* Work to be completed: In the records below, find the line containing "- Linker Eckblock", then print it and every following line exactly, through the last, without pictures.
--*--
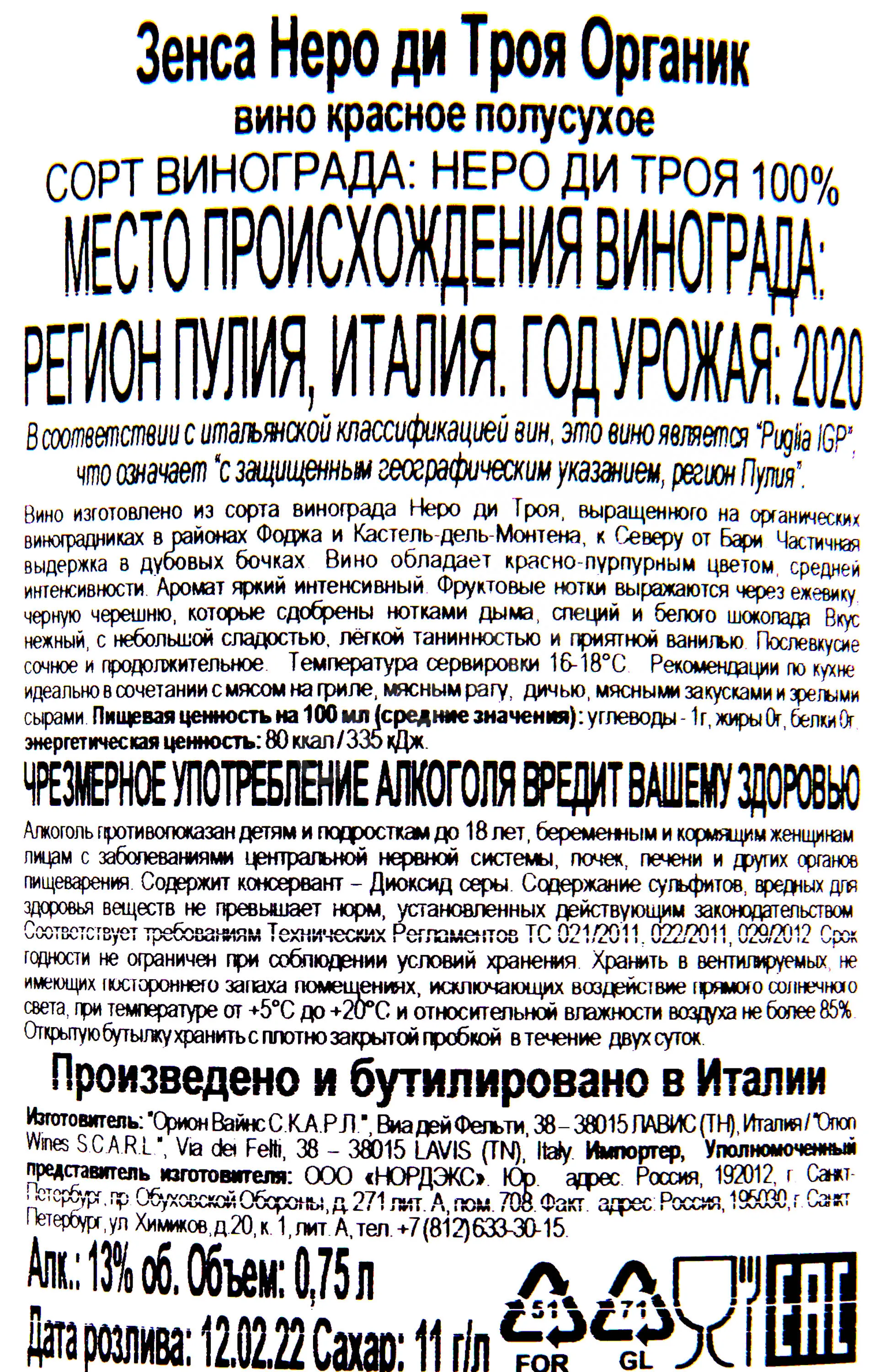 Зенса Неро ди Троя Органик 2020 0.75
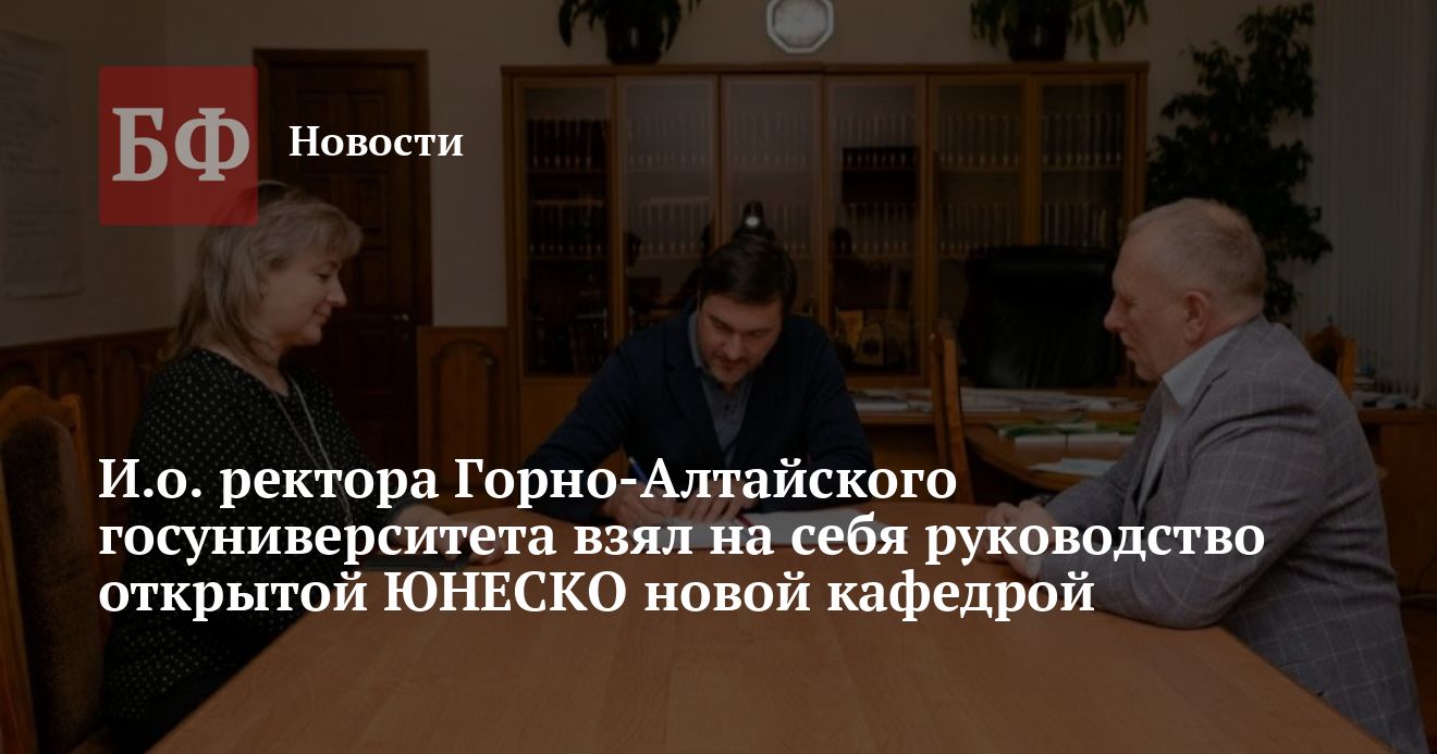 О том, что в ГАГУ откроется упомянутая кафедра ЮНЕСКО, университет сообщал еще на минувшей неделе. Глава МИДа РФ и председатель комиссии РФ по делам ЮНЕСКО Сергей Лавров вручил Главе Республики Алтай Олегу Хорохордину соглашение о создании в ГАГУ кафедры устойчивого развития горных территорий. «Почти четверть природных объектов территории нашего региона находится под охраной ЮНЕСКО, поэтому считаю это соглашение важным этапом дальнейшего плодотворного сотрудничества Республики Алтай с этой авторитетной международной организацией и еще одним шагом в развитии нашего университета», — комментировал тогда Хорохордин. Сейчас стало известно, что эту статусную кафедру возглавит и.о. ректора Виталий Недельский. Планы работы подразделения он должен представить в январе 2022 года.
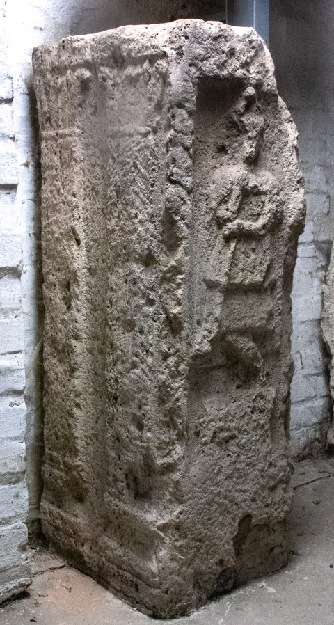 - Linker Eckblock eines Grabbaus: auf der Vorderseite auf hohem Podest mit gekreuzten Beinen stehender Attis, auf Pedum gelehnt. Auf der linken Nebenseite zwei glatte Pilaster mit Blattkapitellen, rechte Nebenseite geglättet.
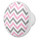 Pink, Dk Grey Wht Large Chevron ZigZag Pattern Ceramic Knob
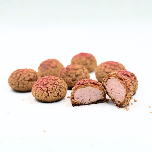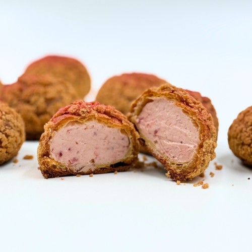Comes in a box of 8pcs Choux Puff. A delightful balance of sweet, savoury and tangy, this choux puff is filled with luscious strawberry cream blended with smooth cream cheese. Light, airy, and refreshingly indulgent, each bite offers a burst of fruity brightness with a creamy finish.
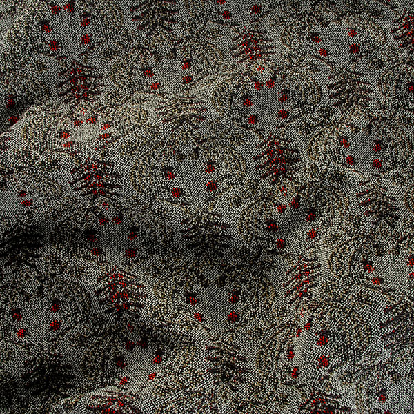 Žakárová oděvní látka secesní vzor jeřabiny olivová
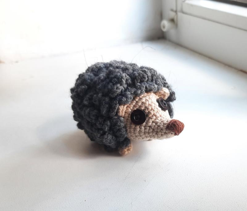 Милий в'язаний їжачок ручної роботи. Зв'язаний з м'якої пряжі сірого та бежевого кольорів. Оченята - ґудзики, носик - вишитий. М'який та приємний на дотик. Стане чудовим подарунком для дітей, або ж оригінальною прикрасою інтер'єру. Розмір: приблизно 10 см в довжину. Рекомендується ручне прання в теплій воді. Матеріали: пряжа- вовна, бавовна/акрил; наповнювач- холофайбер.
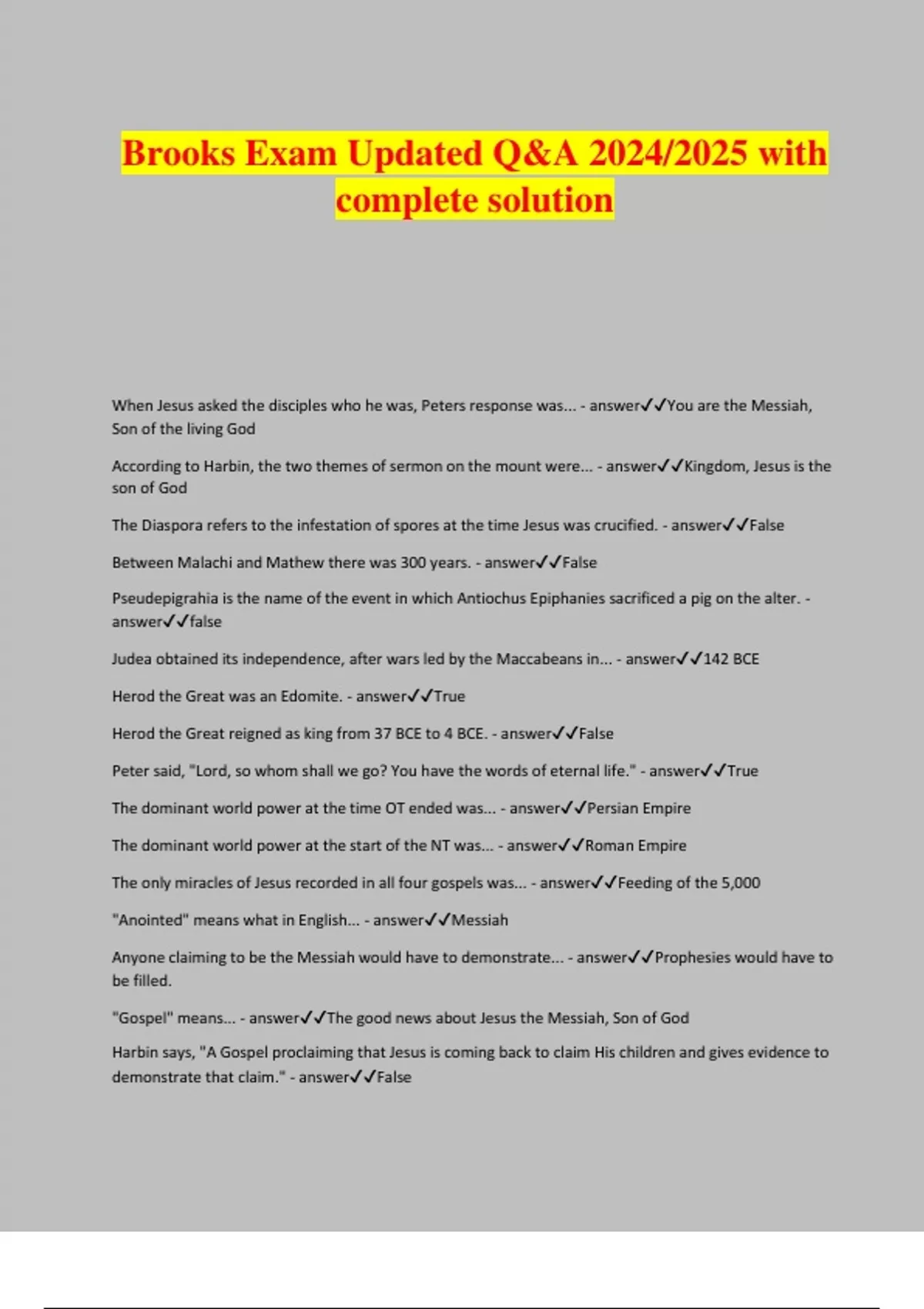 Brooks Bundled Exam Questions with 100% Correct Answers | Verified | Updated 2024
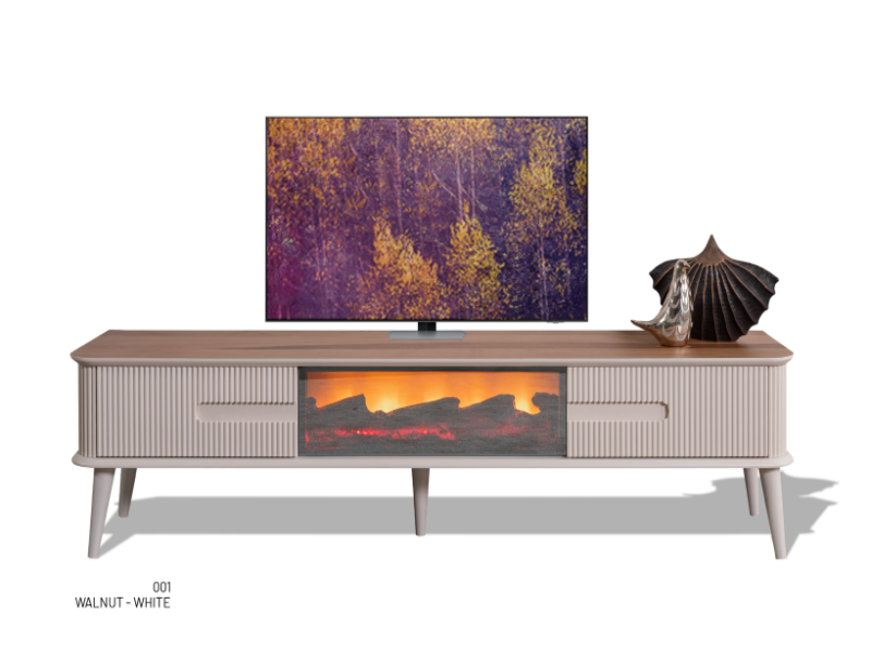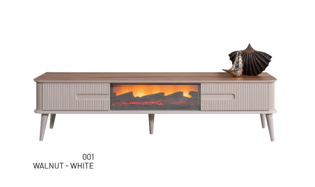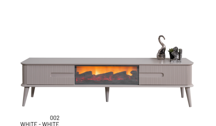 Apportez modernité et chaleur à votre salon avec le meuble télé Kosova blanc avec détails en bois clair. Ce meuble est équipé d’une enceinte Bluetooth et d’une cheminée LED réglable via télécommande de créer une ambiance chaleureuse et personnalisée selon vos envies. Son design élégant et ses matériaux de qualité en font un choix parfait pour un intérieur à la fois chic et fonctionnel.
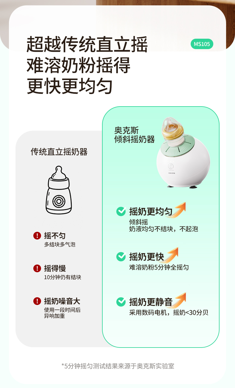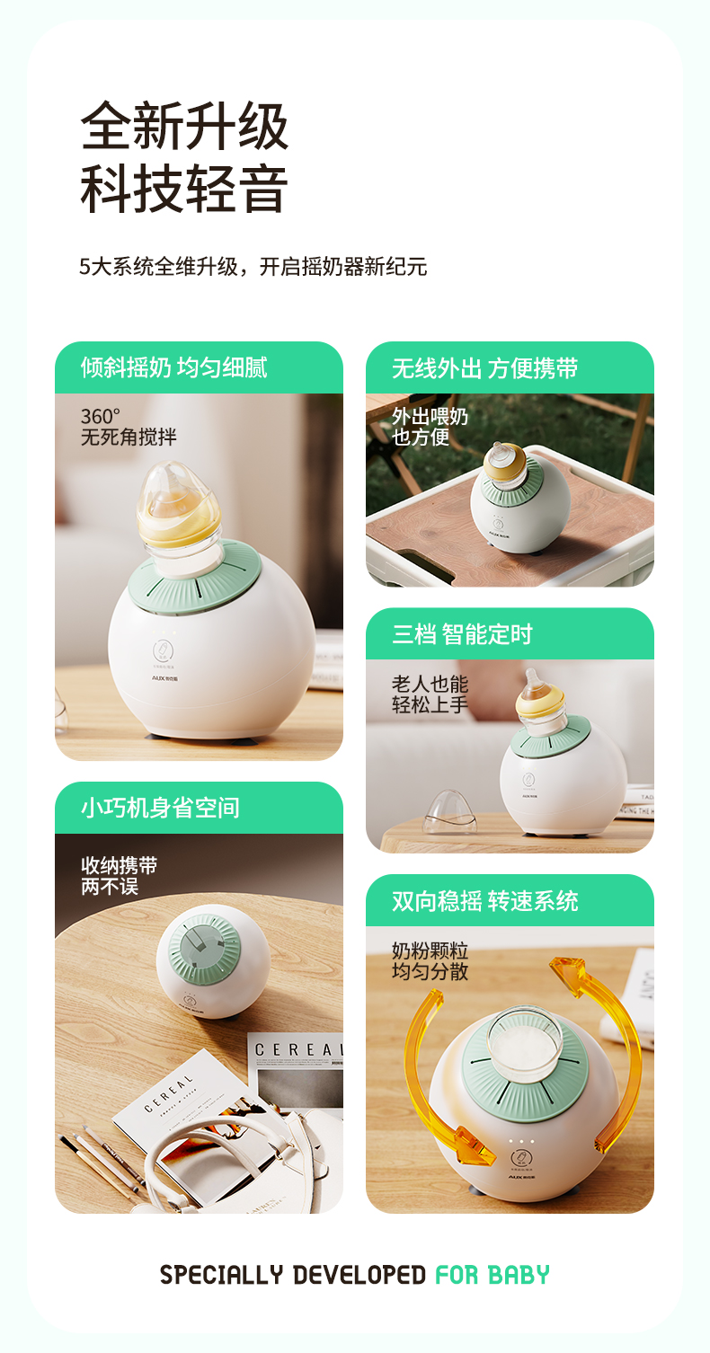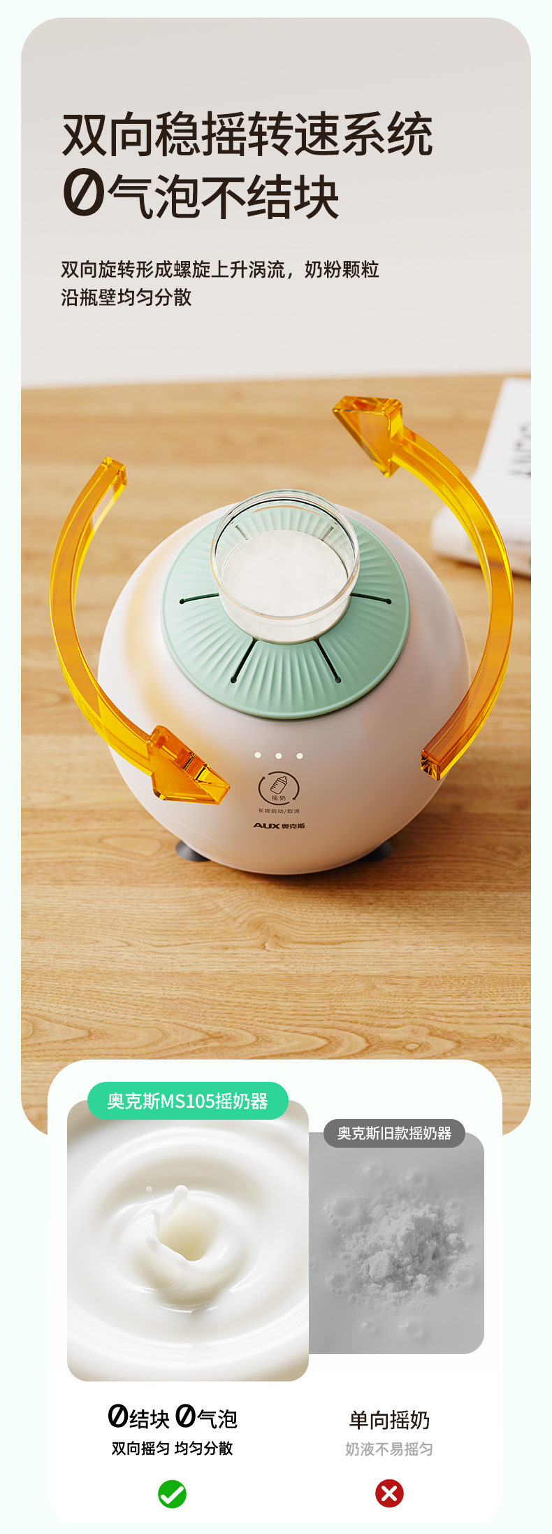 奥克斯婴儿摇奶器 无线便携电动奶粉搅拌器全自动转奶机MS105
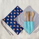 棱形状餐具套,先由上角往下折(缺一角),再由左至右折一角,由左边往右边卷起,最后系起绑带即完成。
--*--
* Solution:
 - Linker Eckblock eines Grabbaus: auf der Vorderseite auf hohem Podest mit gekreuzten Beinen stehender Attis, auf Pedum gelehnt. Auf der linken Nebenseite zwei glatte Pilaster mit Blattkapitellen, rechte Nebenseite geglättet.
 Pink, Dk Grey Wht Large Chevron ZigZag Pattern Ceramic Knob
Comes in a box of 8pcs Choux Puff. A delightful balance of sweet, savoury and tangy, this choux puff is filled with luscious strawberry cream blended with smooth cream cheese. Light, airy, and refreshingly indulgent, each bite offers a burst of fruity brightness with a creamy finish.
 Žakárová oděvní látka secesní vzor jeřabiny olivová
 Милий в'язаний їжачок ручної роботи. Зв'язаний з м'якої пряжі сірого та бежевого кольорів. Оченята - ґудзики, носик - вишитий. М'який та приємний на дотик. Стане чудовим подарунком для дітей, або ж оригінальною прикрасою інтер'єру. Розмір: приблизно 10 см в довжину. Рекомендується ручне прання в теплій воді. Матеріали: пряжа- вовна, бавовна/акрил; наповнювач- холофайбер.
 Brooks Bundled Exam Questions with 100% Correct Answers | Verified | Updated 2024
 Apportez modernité et chaleur à votre salon avec le meuble télé Kosova blanc avec détails en bois clair. Ce meuble est équipé d’une enceinte Bluetooth et d’une cheminée LED réglable via télécommande de créer une ambiance chaleureuse et personnalisée selon vos envies. Son design élégant et ses matériaux de qualité en font un choix parfait pour un intérieur à la fois chic et fonctionnel.
 奥克斯婴儿摇奶器 无线便携电动奶粉搅拌器全自动转奶机MS105
 棱形状餐具套,先由上角往下折(缺一角),再由左至右折一角,由左边往右边卷起,最后系起绑带即完成。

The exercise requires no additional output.